◆ Source records
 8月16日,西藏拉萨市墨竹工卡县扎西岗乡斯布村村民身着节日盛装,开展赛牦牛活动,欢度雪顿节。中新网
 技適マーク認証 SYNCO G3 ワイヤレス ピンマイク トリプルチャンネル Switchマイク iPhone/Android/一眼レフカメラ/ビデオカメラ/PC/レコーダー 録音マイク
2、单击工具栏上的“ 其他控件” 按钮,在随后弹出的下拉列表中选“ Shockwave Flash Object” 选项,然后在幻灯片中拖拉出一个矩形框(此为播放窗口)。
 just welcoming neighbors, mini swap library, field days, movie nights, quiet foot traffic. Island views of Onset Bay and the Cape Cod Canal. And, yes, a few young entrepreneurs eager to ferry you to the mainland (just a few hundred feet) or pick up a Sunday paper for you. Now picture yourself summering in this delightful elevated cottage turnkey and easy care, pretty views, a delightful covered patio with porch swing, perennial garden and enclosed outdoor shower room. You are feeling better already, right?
==
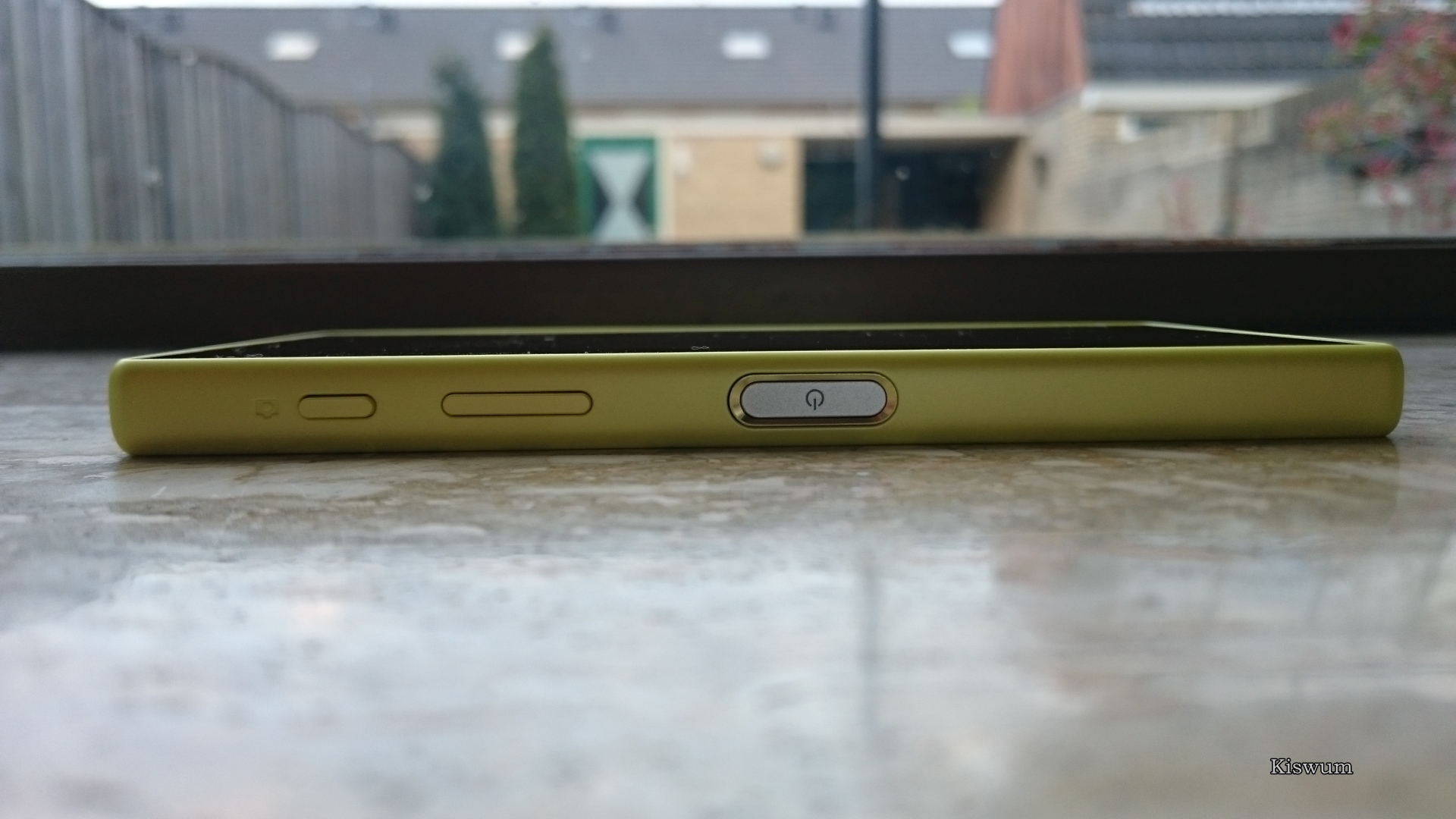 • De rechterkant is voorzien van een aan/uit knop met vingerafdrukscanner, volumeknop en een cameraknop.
==
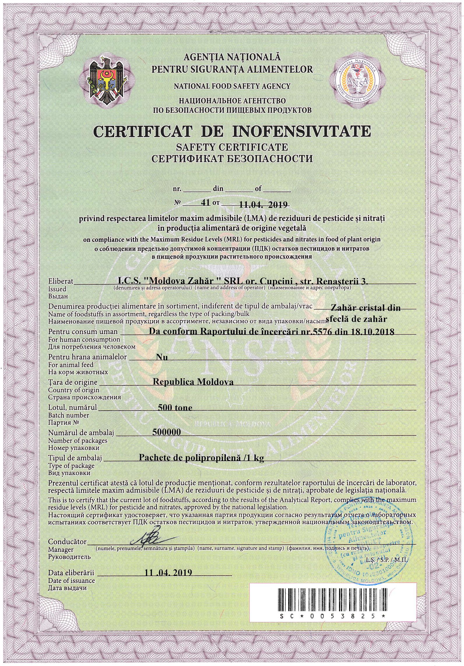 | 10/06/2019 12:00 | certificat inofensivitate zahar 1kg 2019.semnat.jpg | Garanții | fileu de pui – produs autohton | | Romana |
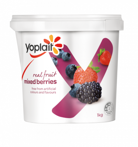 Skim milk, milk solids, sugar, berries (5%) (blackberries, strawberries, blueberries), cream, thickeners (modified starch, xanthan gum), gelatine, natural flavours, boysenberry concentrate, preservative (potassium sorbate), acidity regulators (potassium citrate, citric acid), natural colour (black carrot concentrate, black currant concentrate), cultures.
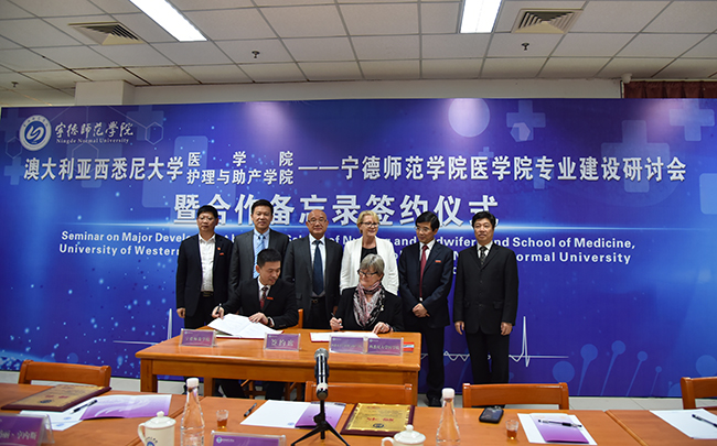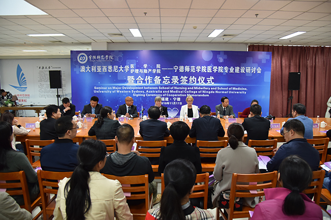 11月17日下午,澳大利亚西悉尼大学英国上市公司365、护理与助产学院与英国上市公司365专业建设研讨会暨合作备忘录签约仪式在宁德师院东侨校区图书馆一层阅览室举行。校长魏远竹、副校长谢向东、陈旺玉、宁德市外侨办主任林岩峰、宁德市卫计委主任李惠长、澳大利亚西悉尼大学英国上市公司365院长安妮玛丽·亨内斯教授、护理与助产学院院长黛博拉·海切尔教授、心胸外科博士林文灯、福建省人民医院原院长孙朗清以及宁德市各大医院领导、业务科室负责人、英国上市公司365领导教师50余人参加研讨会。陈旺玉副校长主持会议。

◆ Brief
Beginning with the line above that contains "技適マーク認証 SYNCO G3", copy each line exactly up to and including the line that contains "just welcoming neighbors, mini", and go no further.

◆ Written response
 技適マーク認証 SYNCO G3 ワイヤレス ピンマイク トリプルチャンネル Switchマイク iPhone/Android/一眼レフカメラ/ビデオカメラ/PC/レコーダー 録音マイク
2、单击工具栏上的“ 其他控件” 按钮,在随后弹出的下拉列表中选“ Shockwave Flash Object” 选项,然后在幻灯片中拖拉出一个矩形框(此为播放窗口)。
 just welcoming neighbors, mini swap library, field days, movie nights, quiet foot traffic. Island views of Onset Bay and the Cape Cod Canal. And, yes, a few young entrepreneurs eager to ferry you to the mainland (just a few hundred feet) or pick up a Sunday paper for you. Now picture yourself summering in this delightful elevated cottage turnkey and easy care, pretty views, a delightful covered patio with porch swing, perennial garden and enclosed outdoor shower room. You are feeling better already, right?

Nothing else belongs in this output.